**Action item:** Going down the listing below, print exactly each line from the one with "L’activation était validée" up to and including the one with "Ve čtvrtek 18.", and skip the rest.

── Records for processing

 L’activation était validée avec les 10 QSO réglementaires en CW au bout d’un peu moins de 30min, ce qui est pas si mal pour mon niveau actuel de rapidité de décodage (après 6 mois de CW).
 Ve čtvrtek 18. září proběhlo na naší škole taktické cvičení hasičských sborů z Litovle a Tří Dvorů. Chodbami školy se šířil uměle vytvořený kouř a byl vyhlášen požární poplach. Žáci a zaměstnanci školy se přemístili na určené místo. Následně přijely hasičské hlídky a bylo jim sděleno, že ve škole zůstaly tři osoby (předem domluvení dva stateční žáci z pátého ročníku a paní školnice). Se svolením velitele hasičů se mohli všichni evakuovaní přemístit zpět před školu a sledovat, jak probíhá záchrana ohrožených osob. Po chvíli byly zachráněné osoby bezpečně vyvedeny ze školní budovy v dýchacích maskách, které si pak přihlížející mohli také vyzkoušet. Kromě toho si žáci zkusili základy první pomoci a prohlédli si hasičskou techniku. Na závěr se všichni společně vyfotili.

────
── Records for processing

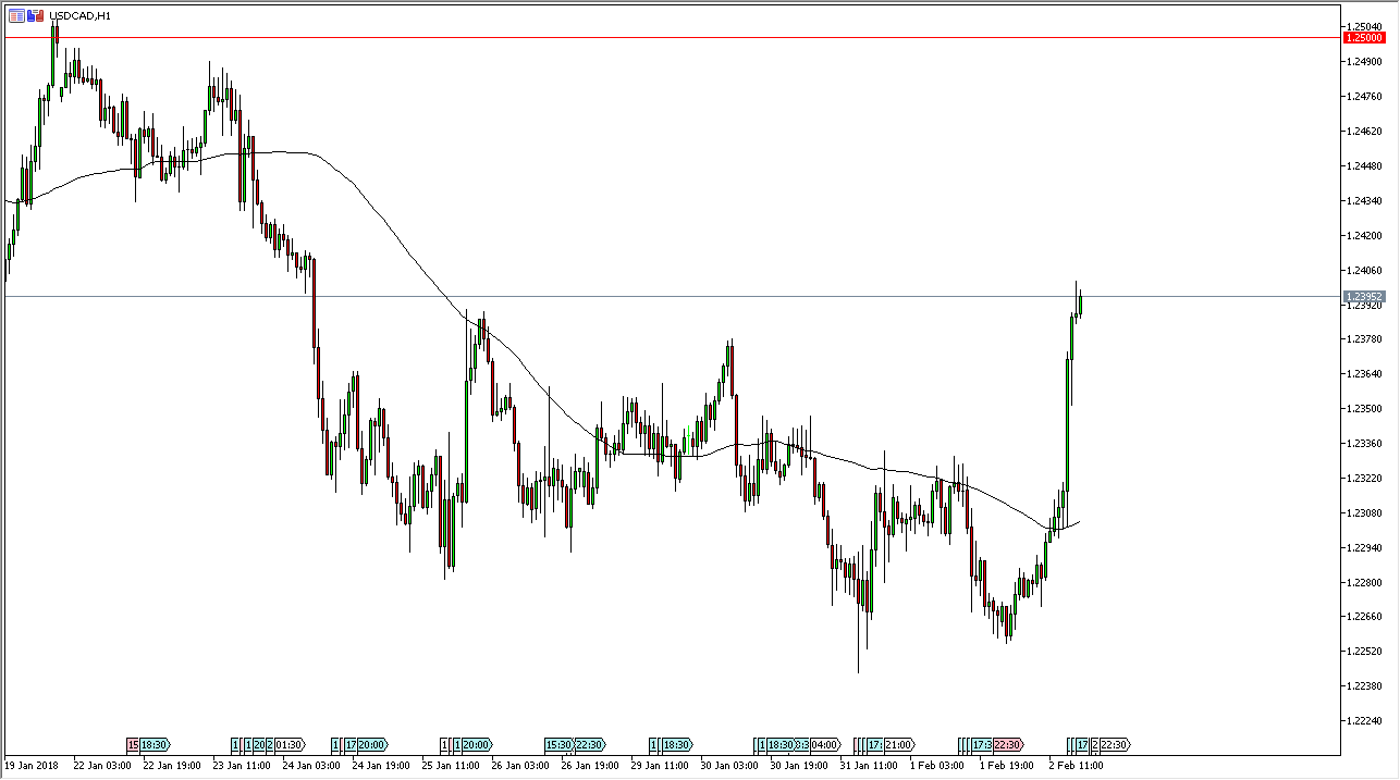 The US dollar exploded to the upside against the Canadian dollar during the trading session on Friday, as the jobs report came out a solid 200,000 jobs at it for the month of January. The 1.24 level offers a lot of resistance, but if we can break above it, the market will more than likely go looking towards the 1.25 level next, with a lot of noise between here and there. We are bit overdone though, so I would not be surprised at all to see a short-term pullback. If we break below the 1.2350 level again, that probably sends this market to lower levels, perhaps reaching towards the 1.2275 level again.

────

**Result:**
 L’activation était validée avec les 10 QSO réglementaires en CW au bout d’un peu moins de 30min, ce qui est pas si mal pour mon niveau actuel de rapidité de décodage (après 6 mois de CW).
 Ve čtvrtek 18. září proběhlo na naší škole taktické cvičení hasičských sborů z Litovle a Tří Dvorů. Chodbami školy se šířil uměle vytvořený kouř a byl vyhlášen požární poplach. Žáci a zaměstnanci školy se přemístili na určené místo. Následně přijely hasičské hlídky a bylo jim sděleno, že ve škole zůstaly tři osoby (předem domluvení dva stateční žáci z pátého ročníku a paní školnice). Se svolením velitele hasičů se mohli všichni evakuovaní přemístit zpět před školu a sledovat, jak probíhá záchrana ohrožených osob. Po chvíli byly zachráněné osoby bezpečně vyvedeny ze školní budovy v dýchacích maskách, které si pak přihlížející mohli také vyzkoušet. Kromě toho si žáci zkusili základy první pomoci a prohlédli si hasičskou techniku. Na závěr se všichni společně vyfotili.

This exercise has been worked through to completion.